A los siete años tú jugabas, nosotros jugábamos, ellos y ellas jugaban. También íbamos a la
escuela, por lo general. No trabajábamos, pero nos contaban acerca de otros niños que no
iban a la escuela ni jugaban. Lo sabíamos o lo intuíamos de algún modo porque los veíamos en
la calle, pero nos lo tenían que explicar una y otra vez. Cómo era posible que hubiera niños
distintos a nuestra niñez, harapientos, arrastrándose por el suelo, con ojos de adulto y cuerpo
pequeño, rebuscando en la basura algo para comer, o fumando cuando aun no tocaba, o
pidiendo dinero, o vendiendo estampitas de santos ignotos.

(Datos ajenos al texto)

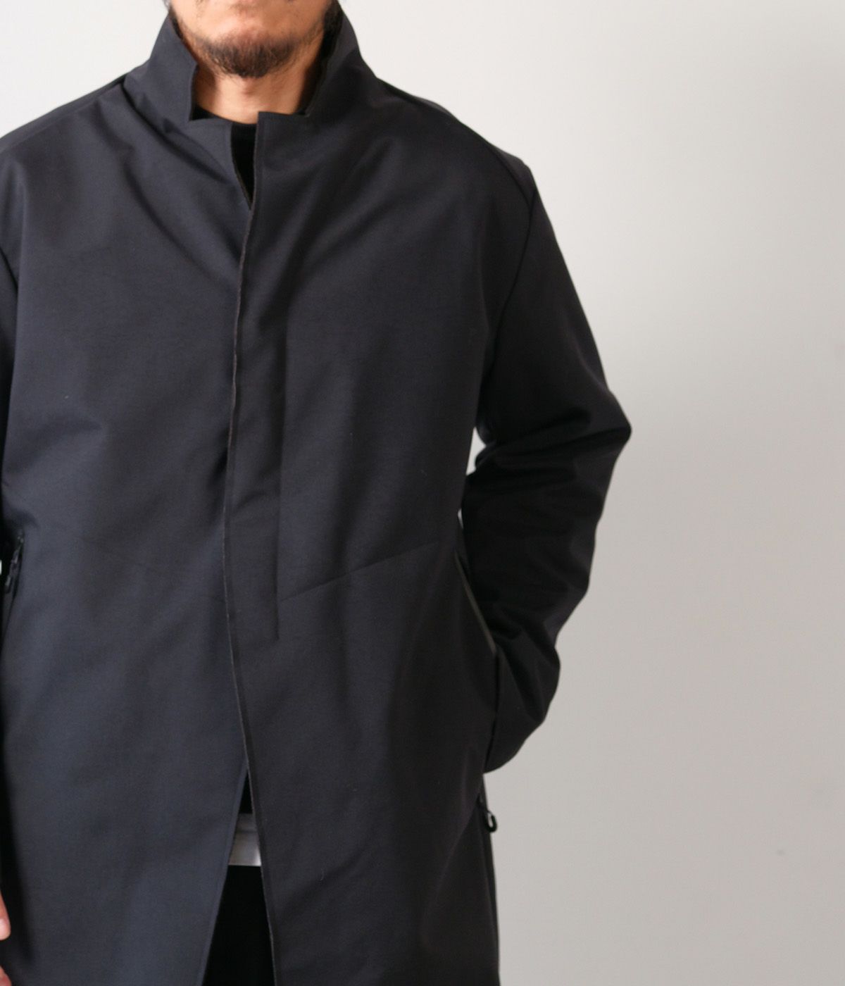 表にタスランナイロン糸を使用した3層ラミネートの素材。(耐水圧196kpa以上 透湿性8,000g/㎡-24hrs以上。) ハードな天然素材のようでありながら機能性を兼ね備えたハイブリットな素材で透湿防水サイトス加工が施されている。 内側にはフリースを使用し、非常に軽くて暖かい。 太すぎず、細すぎない美しいシルエット。 着用モデル:176cm 62kg 着用サイズ:M
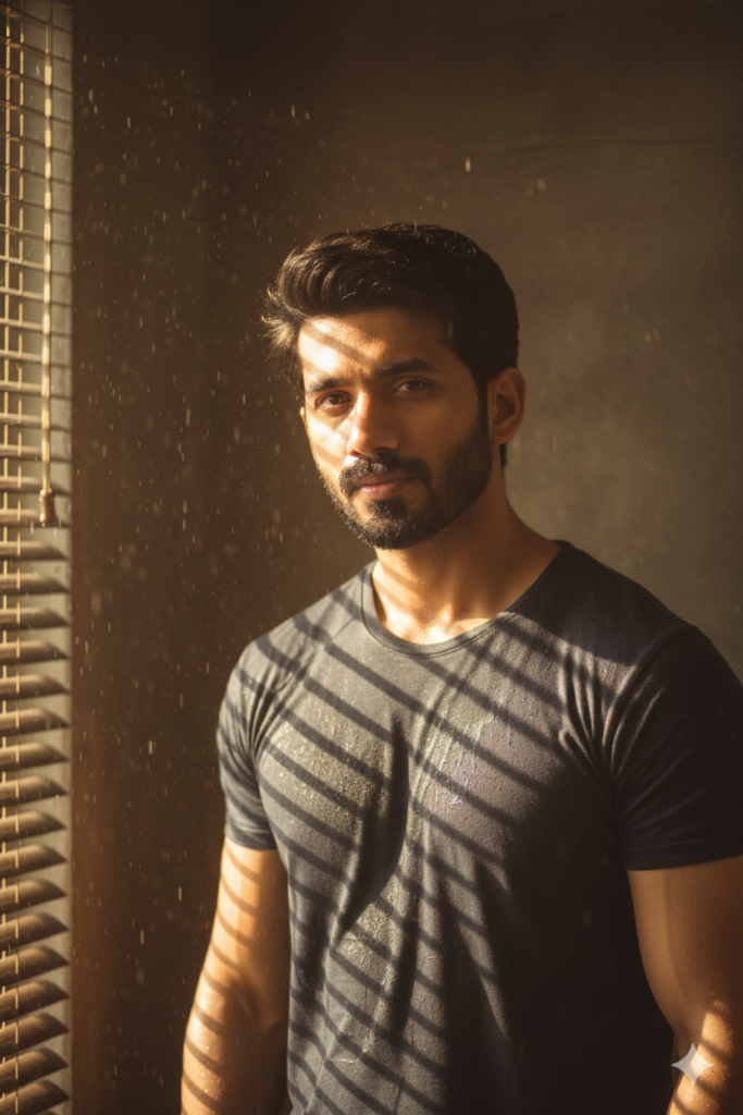A CINEMATIC PORTRAIT OF A MAN STANDING AGAINST A TEXTURED WALL, WITH GOLDEN SUNLIGHT CASTING DRAMATIC SHADOWS THROUGH WINDOW BLINDS ACROSS HIS FACE AND BODY. IT’S LIGHTLY RAINING, AND THE SOFT RAINDROPS ARE BARELY VISIBLE AS THEY FALL THROUGH THE GOLDEN LIGHT. THE LIGHTING ADDS A WARM, MOODY TONE WHILE THE SHADOWS CREATE STYLISH LINES OVER HIS FACE, HIGHLIGHTING HIS EXPRESSION. THE BACKGROUND REMAINS SOFTLY BLURRED, EMPHASIZING THE SUBJECT’S FORM AND TEXTURE.
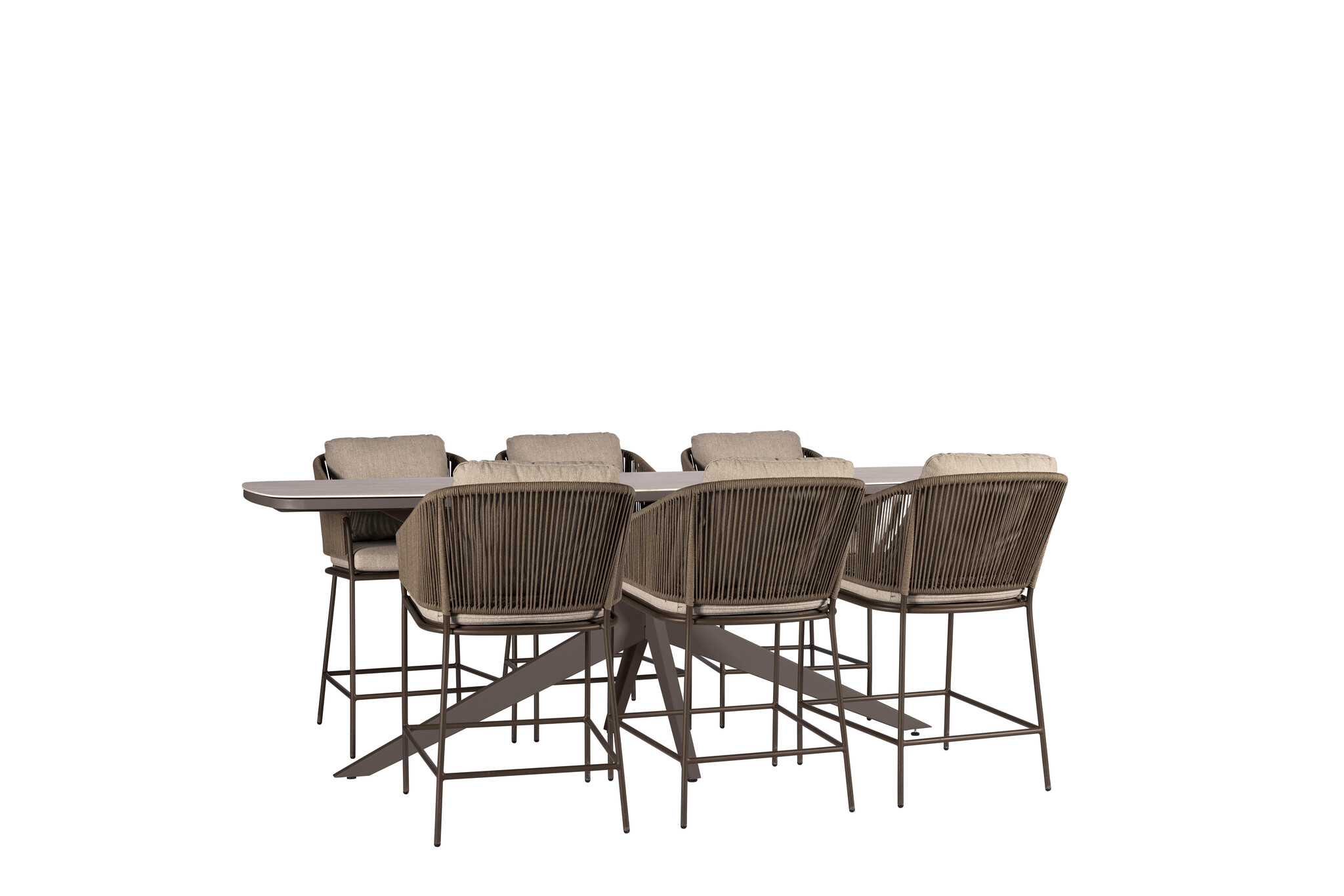 La chaise haute Forio allie un design moderne à un confort d'assise haut de gamme. Elle est disponible en aluminium Salix ou Bronze, toutes deux équipées d'une corde dans les tons assortis Salix et Toffee. Le caractère léger du Salix confère un aspect frais et naturel, tandis que la version Bronze ajoute de la chaleur et de la profondeur à l'espace extérieur. La corde soigneusement tressée souligne le look raffiné et contemporain de la chaise dans les deux versions. Les coussins tout temps Flax Beige doux offrent un confort durable et conservent leur forme et leur couleur, même dans des conditions météorologiques changeantes. Cela rend la chaise haute Forio idéale pour les longues soirées autour d'une table haute ou d'un bar extérieur. Grâce à l'utilisation de matériaux durables et faciles d'entretien, la chaise reste belle et agréable à utiliser année après année. La chaise haute Forio est le choix parfait pour ceux qui souhaitent allier un design élégant, le confort et une expérience de détente en plein air dans le style reconnaissable de YOI.
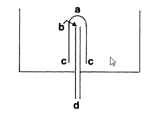 如圖為一支單頭虹吸管。可能有若干銅絲焊接在長管a-cc和長管bd之間,以此讓二管連在一起。長管bd穿透容器f的底面,管與容器底面必須接合嚴密,不能有縫隙。液體倒入容器,當液麪上升至點b時,第一滴水的泄落,便讓空間ad內的氣壓降低到足以令液體持續通過管bd流動,直到液麪降至cc處。這種虹吸管與現代馬桶沖水箱中的應用方式非常相似,不同之處在於後者是通過突然提升覆蓋下管道的鐘形罩來產生真空。
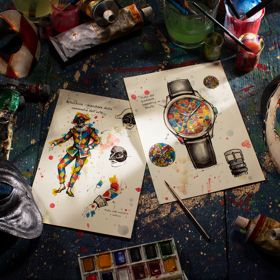 Redentore Arlecchino nasce sulla carta, tra studi di colore e bozzetti ispirati al costume della maschera più celebre del Carnevale veneziano. Le iconiche toppe geometriche diventano i settori del quadrante, organizzate in una struttura precisa che alterna superfici smaltate, bordi netti e celle colorate, creando una composizione ordinata e dinamica.
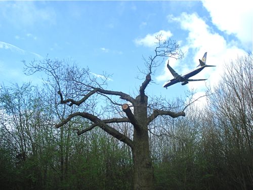 Het vliegveld van Stansted is reusachtig: ruim twintig miljoen passagiers per jaar, tienduizend vierkante meter shops, 120 checkin-desks. Achter de uitgestrekte parkeerplaatsen vind ik met moeite het landweggetje naar Molehill Green. En letterlijk in dezelfde minuut ben je op het Engelse platteland: openbare wandelpaden met verweerde bordjes, rietgedekte schuren en huizen, lage heggen die de akkers scheiden. En rust, want zo dicht bij de luchthaven loop je letterlijk in de luwte van de smalle corridor die de vijfhonderd dagelijkse vliegtuigen gebruiken. Je kunt de loop van hun route precies volgen aan de gekortwiekte bomen.
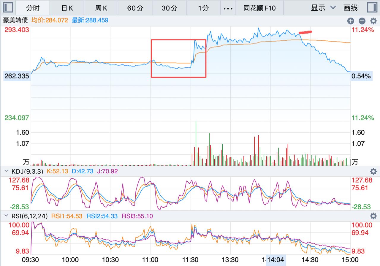 这是一支转债,交易是t+0的,今天参与的投资者,只要后半程还参与,基本都是亏损的,这就是t+0的威力,当散户执行t+0的时候,主力资金玩的很可能就是多日收益,如果散户只是看着波动玩,大的波形吃不到,小的波形容易迷失,最后欲罢不能的时候,就很容易中主力资金的招! t+0最怕的就是判断失误,该止损的时候不果断,该离场的时候还在贪婪,这就是人性,如果执行t+0,主力资金又是一个玩法!
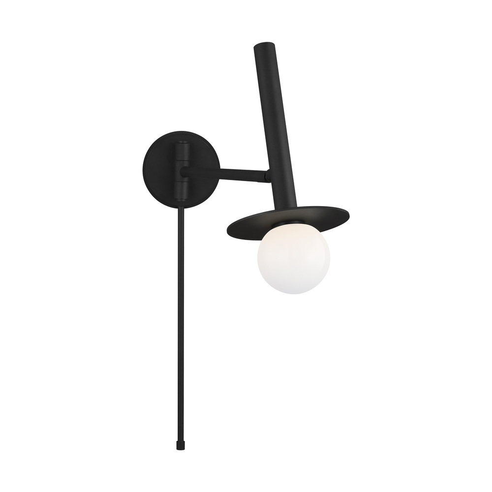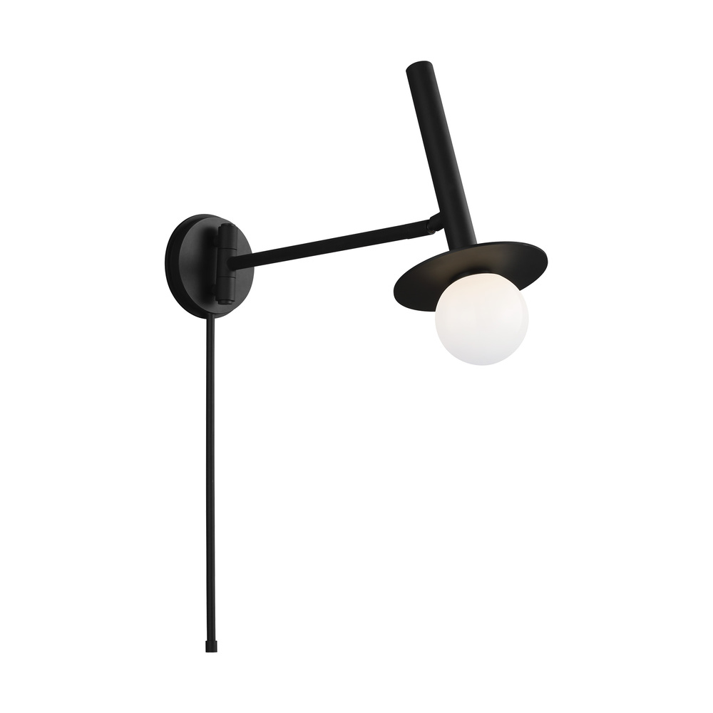 Nodes task, ceiling and wall lighting is minimal yet bold, highlighting Kelly's distinctive juxtaposition of mixed-materiality and curvilinear form. Light radiates from milk glass globes set against metal discs. All fixtures can be used or without the discs. The cast canopy is available in Burnished Brass or Midnight Black. Hanging fixtures within this family feature black fabric cords, while pivot sconces can be cord and plug or hard wire.

A los siete años todavía era posible imaginar que el mundo no se regía por las leyes de las
ciencias exactas sino de las artes y nos era insoportable la idea de la gravedad, de la velocidad
de la luz, de rigurosidad de las matemáticas, del sistema reproductivo, de las fracciones y las
hipotenusas. Solo después tuvimos que reemplazar la ficción por la realidad, la invención por
el concepto, la lectura por la Lectura y tragarnos la redondez absurda de las vocales y las
consonantes. No era posible volver atrás y cierta melancolía comenzó a rondar entre nosotros,
como si fuésemos víctimas solitarias y solidarias de un mismo colapso.

A los siete años no se trataba de la dicha o la desdicha. La vida no buscaba manifestarse en


plenitud ni en felicidad. Ya habíamos llorado, reñido, mentido, muchas horas se nos hacían
insoportables y muchos deseábamos pasar de página, ser adultos de una buena vez, acabar
con esa farsa impostora de la infancia. La cuestión es que queríamos crecer, no abandonar la
infancia. Este es el equívoco más absurdo de lo humano. Que acabar la niñez es acabar con la
infancia.

Tenía razón Bruno Schultz, y tenía también tanto miedo: se trata de ir hacia la infancia, de
madurar hacia ella y no de regresar a la melancolía de un tiempo que ya pasó, que ya no es,
que ya no está o, lo que es peor aún, que nunca existió. Tenía razón en advertir, en aquellos
tiempos de cólera y de guerra, que lo que podría salvarnos -si de salvación se tratara- es una
idea de infancia en cuanto modo artístico de estar en el mundo.

Tiene razón José Luis Pardo, y la seguirá teniendo por mucho tiempo: la infancia es la
experiencia de una inexperiencia que nos acompañará toda la vida, la presencia de una cierta
sabiduría venida de otra parte que nadie consigue nunca descifrar. Para no perder la infancia y
madurar hacia ella habría que seguir pensando que una calle, que las calles, son como los
bosques de los cuentos, y que existen sonidos, aromas, espesuras, irregularidades, colores,
matices, espesuras, que el mundo ofrece con generosidad y gratuidad.

Ese mundo que no está en las pantallas.

Ese mundo en medio del cuerpo en medio de la calle.